Магадев, земли владыка,
К нам в шестой нисходит раз,
Чтоб от мала до велика
Самому изведать наc[12].

Все трое смотрят на меня с усмешкой, и мне сразу становится не по себе. Лучше всего, думаю я, поскорее начать самому, не дожидаясь, пока они примутся расспрашивать, почему я не показывался все эти дни и откуда явился сейчас. Но не успеваю я открыть рот, как Ференц многозначительно подмигивает Йожи и толкает его локтем.

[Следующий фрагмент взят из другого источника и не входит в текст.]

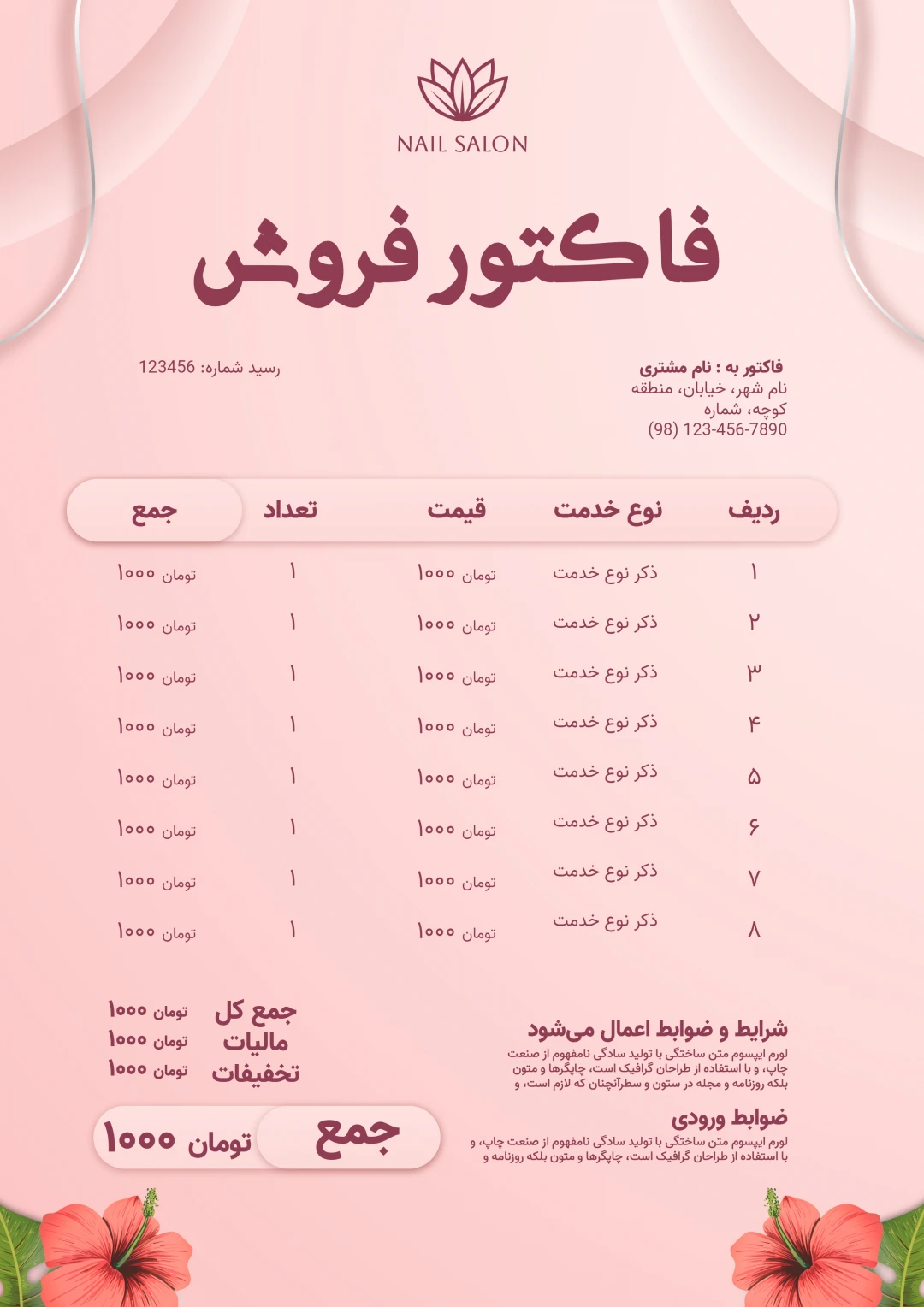 این فاکتور با ترکیب رنگ‌های زنانه و جذاب، بخش‌بندی استاندارد و چیدمان تمیز طراحی شده تا ثبت خدمات، قیمت‌ها، اطلاعات مشتری و وضعیت پرداخت به ساده‌ترین شکل ممکن انجام شود.
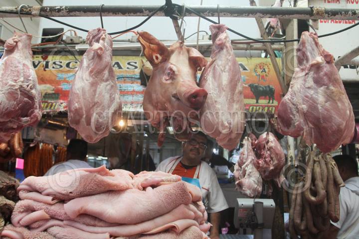 CUERNAVACA, MORELOS, 12FEBRERO2019.- Área de carnicerías en el mercado Adolfo López Mateos, donde se oferta carne de puerco y res, así como productos como son manteca, manitas de puerco, menudencias y rellena. FOTO: MARGARITO PÉREZ RETANA /CUARTOSCURO.COM
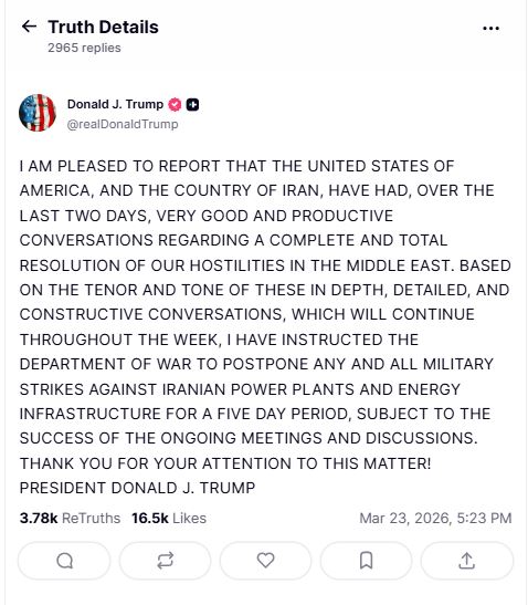 নিজের সামাজিক যোগাযোগমাধ্যম সোশ্যাল ট্রুথে দেওয়া এক বিবৃতিতে ট্রাম্প লিখেছেন, আমি আনন্দের সঙ্গে জানাচ্ছি যে, গত দুই দিনে যুক্তরাষ্ট্র ও ইরান মধ্যপ্রাচ্যে চলমান শত্রুতা সম্পূর্ণভাবে শেষ করার লক্ষ্যে খুব ভালো ও ফলপ্রসূ আলোচনা করেছে। এই গভীর, বিস্তারিত ও গঠনমূলক আলোচনা চলমান থাকবে। এর ভিত্তিতে আমি প্রতিরক্ষা বিভাগকে চলমান বৈঠকের অগ্রগতির ওপর নির্ভর করে পাঁচ দিনের জন্য ইরানের বিদ্যুৎকেন্দ্র ও জ্বালানি অবকাঠামোর ওপর সব ধরনের সামরিক হামলা স্থগিত রাখতে নির্দেশ দিয়েছি।

– Полюбуйся-ка! – показывает он под стол. – Ну, что скажешь? Лаковые штиблеты в такую собачью погоду и новенький мундир! Да, Тони свое дело знает, подыскал тепленькое местечко. Наверное, чертовски здорово там, у старого манихея, а? Каждый вечер пять блюд, рассказывал аптекарь, икра, каплуны, настоящий Bols[13] и отборные сигары – это тебе не наша жратва в «Рыжем льве»! Ай да Тони! Ему палец в рот не клади, а мы-то думали – простак!

Йожи тотчас подхватывает:

– Только вот товарищ он никудышный. Да, брат Тони, ну что тебе стоило намекнуть своему старикашке: «Вот, мол, старина; есть у меня два закадычных приятеля, парни что надо, тоже не с ножа едят, я их как-нибудь к вам приволоку!» – а ты вместо этого думаешь: «Пусть их лакают свою пильзенскую кислятину да проперчивают себе глотки осточертевшим гуляшом». Вот уж товарищ так товарищ, ничего не скажешь! Себе все, а другим – шиш! Ну, а толстого «упмана»[14] ты мне притащить догадался? Если да – то на сегодня я тебя прощаю.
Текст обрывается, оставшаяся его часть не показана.